Na razie dyrekcja nic nie wie, czy Francja nie będzie także przyjmować wycieczek z Polski. Może czeka na ruch z naszej strony. Chodzi o wymianę między szkołami – została zawieszona do odwołania. Przyczyny nie podano (koronawirus?) Treść wiadomości jest następująca:
„Z informacji uzyskanych od opiekuna grupy francuskiej wynika, że Konsulat wycofał wszystkie wyjazdy zagraniczne grup uczniowskich w bieżącym roku szkolnym.”
Dowiedziałem się też, że dyrekcja sugeruje, aby wstrzymać się z wszelkimi wycieczkami. Jeszcze nie zabrania, na razie tylko radzi. Tyle wiem jako rodzic. Jako nauczyciel i wychowawca nie wiem nic. A jestem w trakcie organizowania wycieczki ze swoimi uczniami. Czy także mam prawo sądzić, że nic z tego nie będzie?

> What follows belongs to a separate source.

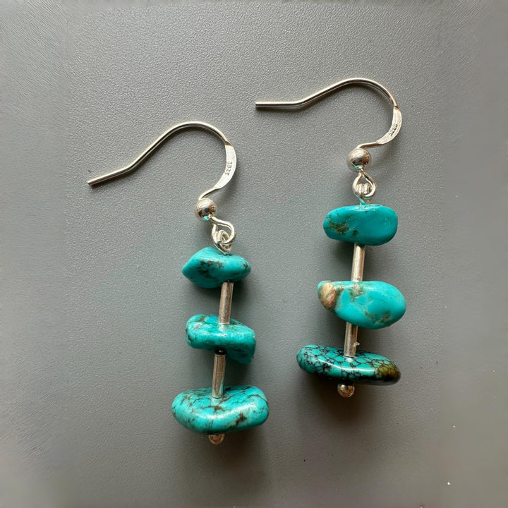 Meticulously handcrafted by artisans, these irregular turquoise earrings celebrate natural beauty and individuality. Each earring features uniquely shaped turquoise set in sterling silver, creating a bold, bohemian aesthetic. Perfect for those who love jewelry that expresses artistic spirit and defies convention.

Minister edukacji powiedział, że wszystko jest w rękach dyrektorów szkół. On nie będzie decydował ani o zamykaniu szkół, ani o odwoływaniu wycieczek. Decyzję muszą więc podjąć dyrektorzy. Współczuję. Im szybciej, tym lepiej. Nie wiem, co się będzie działo, gdy wszystko będzie dopięte na ostatni guzik, zarezerwowane i opłacone, a potem nastąpi rezygnacja. Czy rodzice pogodzą się ze stratą pieniędzy?
Komentarze
@Gospodarz
Jeśli minister zdrowia mówi oficjalnie i publicznie (!), że VIRUS do nas przyjdzie, to przyjdzie – reszta należy do ludzkiej inteligencji … 😉
No proszę! Nie minęło mało wieli czasu, a przepowiedziane przeze mnie działanie maciupkiego słabiutkiego wirusa przybiera materialne kształty. Pomyliłem się jedynie, gdy chodzi o obszar jego działania – myślałem, że zacznie skromnie, od likwidacji najmniej istotnych zadań tzw. szkół, tzn.od nauczania, a on wkroczył w wielkim stylu i na początek zabrał się za jedną z najważniejszych dziedzin, czyli funkcje szkoły jako biura podróży. Znaczy, może on maleńki i słabiutki, ale ambicji nie można mu odmówić. Nie bez powodu nosi koronę!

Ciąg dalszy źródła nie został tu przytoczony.